Reiterating that The Hague would not re-submit the existing constitution text for ratification, he added that "the argument that the EU is too meddlesome could be countered by a clear separation of competences and support for the principles of subsidiarity and proportionality."

"Subsidiarity" is a term in EU jargon meaning that Brussels should only legislate or act if local or national action is ineffective.

The Bot speech indicates that The Hague may in any future talks on the document press for stronger safeguards against what is being seen by parts of Dutch public opinion as the EU's tendency to over-regulate and act like a state.

His comments come as polls indicate that his party - the Christian Democrats led by Dutch prime minister Jan Peter Balkenende - could win the 22 November elections in the Netherlands, with the Labour opposition steadily losing ground in the past few weeks.

Mr Bot's questioning of Part I of the constitution - on the EU's institutions and values - could put the Netherlands at odds with many EU capitals as well as the European Commission which see this part as the core of the charter.

The Dutch minister also said Part II - the charter of fundamental rights - could be ditched, if the EU as a bloc acceded to the European Convention of Human Rights, a 1950 treaty which falls outside EU structures and is linked to human rights watchdog the Council of Europe.

But although Mr Bot's readiness to ditch Part II of the constitution echoes a recent plan by French presidential hopeful Nicolas Sarkozy for a "mini-treaty", the Dutch politician said Mr Sarkozy's plan would not be enough.

"The weak point of Mr Sarkozy's so-called Mini Treaty is that it is focused only on the institutions," Mr Bot said. "I do not agree with that. In a new treaty, there has to be attention for the concerns and questions of citizens."

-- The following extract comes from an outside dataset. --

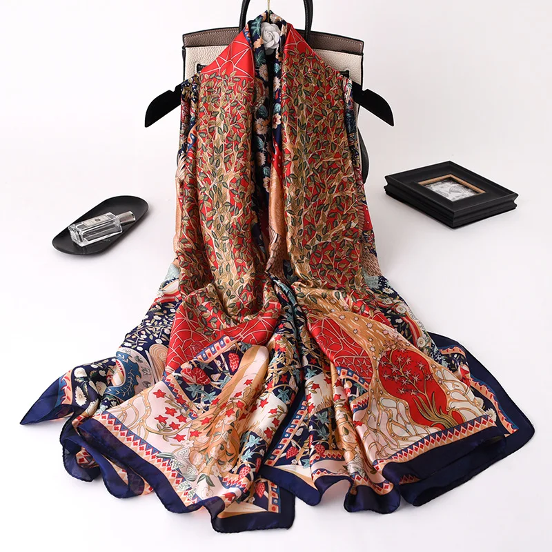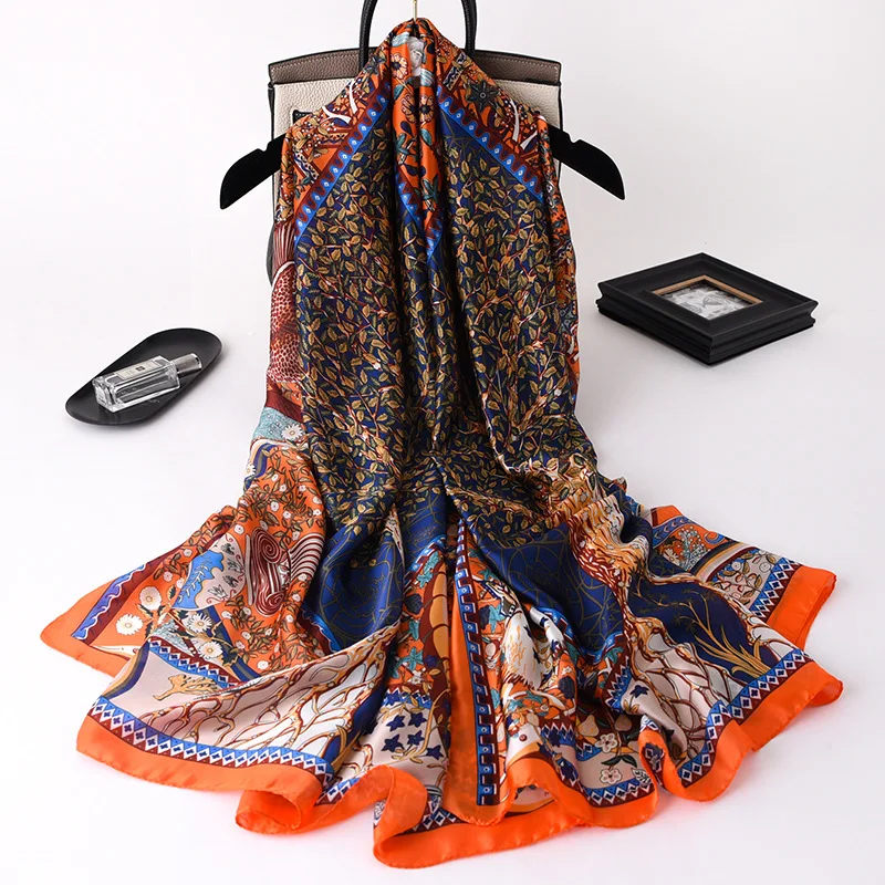2021 женский шелковый шарф 180*90 см женский элегантный пляжный мяг...

Despite his plea for stronger safeguards against EU over-regulation in general, he said the union should be given legal powers in specific areas where citizens want the union to do more, including energy security; the fight against organised crime; foreign policy and the environment.

He added that citizens' worries about uncontrolled EU enlargement of the union could be addressed by enshrining the political entry criteria for new members - the so-called Copenhagen criteria - in a new treaty.

"The issue of enlargement could be tackled by giving treaty status to the Copenhagen criteria," he said.

Mr Bot said such a slimmed-down treaty, which would at the same time include new policy-related elements, would be "substantially different and better" than the EU constitution.

The latest election polls show that Mr Bot and Mr Balkenende's Christian Democrats enjoy a three- to five- seat lead over the opposition Labour party led by Wouter Bos, with many voters however still undecided.